Müftü nikahı meselesinde illa taraf mı olacağız?

    0

    Müftülerin kıyacağı nikah konusu hükümet tarafından gündeme getirildi, yine her kesim kendi meşrebine göre tavır belirlemesi gerektiğini düşündü.

    Oysa güncel konumuz bu olmamalı. Uzun bir süreden sonra adalet paydası altında toplanma ihtimalimizin belirdiği bugünlerde önümüze konan yeni bir tuzağa kapılıveriyoruz. Toplumun ortaklaşmayı önemsemesi gereken bir zaman ve mekan diliminde hangi gerekçeyle olursa olsun ayrışmayı öğütleyecek seslere kulak asmaması gerekir. Bundan dolayı bu konunun tartışılmasının dahi bir yeni yanlış üreteceğini düşünüyorum.

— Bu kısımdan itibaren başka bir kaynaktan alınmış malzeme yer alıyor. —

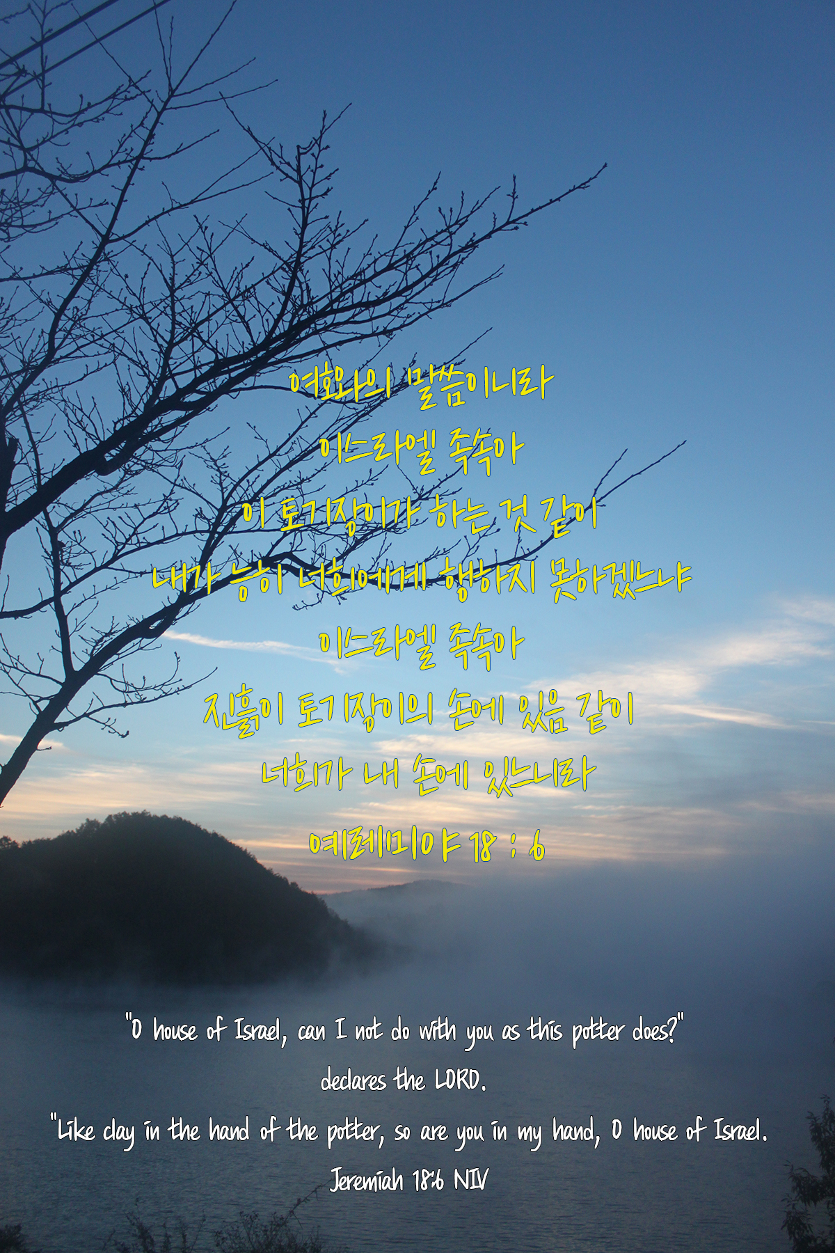 - 여호와의 말씀이니라 이스라엘 족속아 이 토기장이가 하는 것 같이 내가 능히 너희에게 행하지 못하겠느냐 이스라엘 족속아 진흙이 토기장이의 손에 있음 같이 너희가 내 손에 있느니라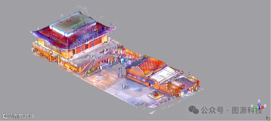 本项目受甲方邀请,完成古建筑数字化保护,尽可能的还原该建筑的实际情况。本次使用Trimble X7扫描仪,该仪器可以连续、自动、快速采集建筑物表面的颜色属性,快速获取复杂结构的三维模型和纹理映射,为制作该建筑的三维实景模型提供基础。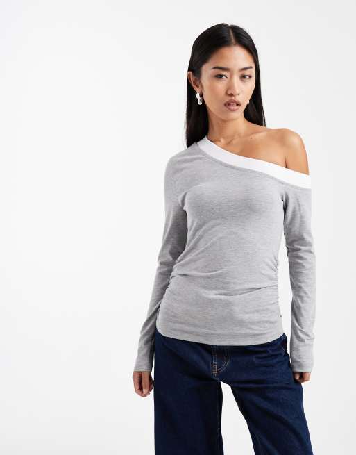 ASOS DESIGN off shoulder double layer long sleeve top in grey and white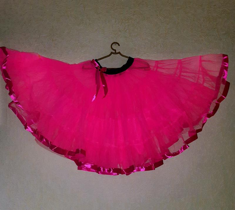 Шикарна та дуже пишна спідничка-пачка рожевого кольору із фатина з атласними лентами. Пояс- резинка,напівоб'єм талії= 37 см,,міряла резинку в спокійному нерозтягнутому стані. Довжина спіднички з резинкою= 65 см. В ідеальному стані 🤩🔥
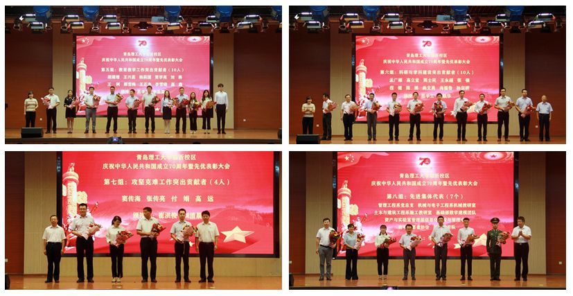 学校党委副书记、校区党委书记李国华向先进集体代表颁授证书和鲜花;李国涛向党建与思想引领工作先优代表颁授证书和鲜花;范学工、临沂校区学生会主席李岳震向教育教学工作突出贡献者颁授证书和鲜花;范学工、合作发展办公室主任王跃华向科研与学科建设突出贡献者颁授证书和鲜花;临沂校区管理办公室常务副主任崔洪俊、临沂校区管理委员会副主任刘清晨向攻坚克难工作突出贡献者颁授证书和鲜花;刘清晨与学生代表郝永恒向优秀社会服务人员代表颁授证书和鲜花;优秀在校学生代表的学业导师、班主任为他们颁授证书和鲜花。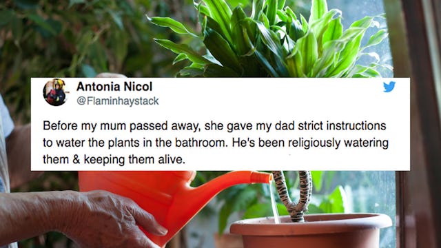 Antonia, a firefighter in London, said in subsequent tweets that whenever the water would overflow the plants (you know, because of the whole plastic thing), her dad just assumed the toilet was leaking. “When she died, my dad was grief stricken and just followed her wishes,” she told Scary Mommy. “He religiously watered them for a few years.”
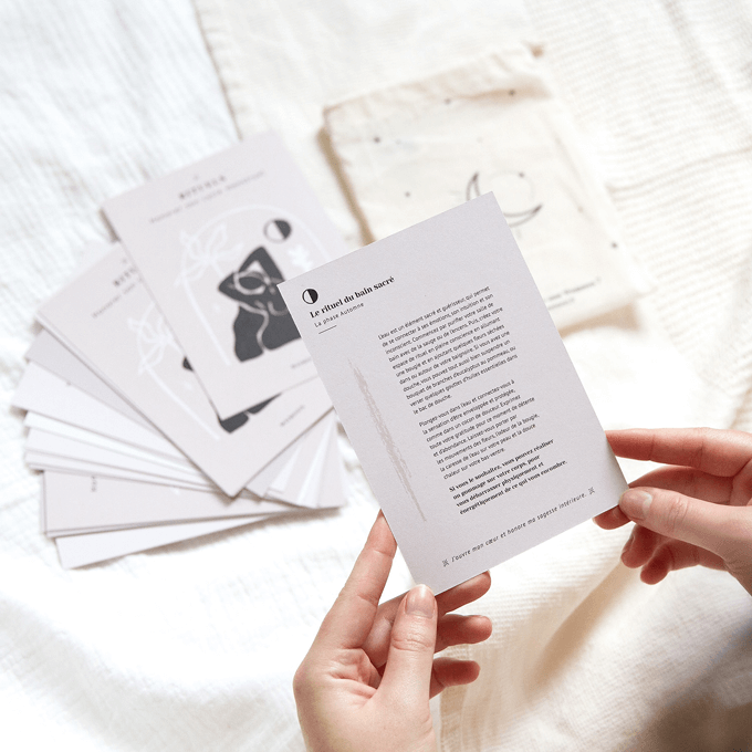 – 1 kit de rituels pour honorer son cycle menstruel avec 21 cartes, dont 16 rituels pour se reconnecter à son féminin sacré

    İnanılmaz adaletsizliklerin olduğu bir yerde bu konunun tartışma konusu olması bir haksızlıktır. Toplumda ne zaman adalet konusunda bir ortak adım ihtimali belirse ortak paydanın içine sokulacak bir çomak konusu bulunabiliyor. Bu bazen kürtaj konusu, bazen alkollü içkilerin satışı konusu bazen de nikah konusu olabiliyor. Açlıktan ölmek üzere olan bir insana aksesuar sunmak gibi birşey bu.

    Bu tatlı bir yemdir, yemin peşinden gidenimizin bol olması oltayı atanın ağzını kulaklarına vardırıyor. Bu yasa tasarısının  gündem olması yıllar sonra yakaladığımız büyük ortak adalet paydası ihtimalinin suya düşmesi demektir. Çünkü bu memlekette bu tür hassas konuların tartışılmasının akıbeti bellidir, keskin bir kutuplaşma ve tüm kazanımların iptali…

    Eğer “bu konuları illa tartışmak istiyoruz” deniyorsa mümkün olduğu kadar dili sivrileştirmemeyi başarmak gerekir.

    Adalet konusu bu ülkenin en büyük konusudur. Bu alanda 100 yıl sonra minik adımlar atılmaya başlanmışsa bunları yeterli görmek büyük hatadır. Ne kadar gayret edilse az olacak gayret konusu budur sanırım. Adalet üzerine birçok kurultay, çalıştay, halk toplantısı yapılmalıdır.Yeni metinler yazılmalı, tartışmalı konuları tekrar masaya yatırmalıyız. Bunu yapmak yerine basit tuzaklara kapılmak ise adeta ayağımıza sıkmaktır.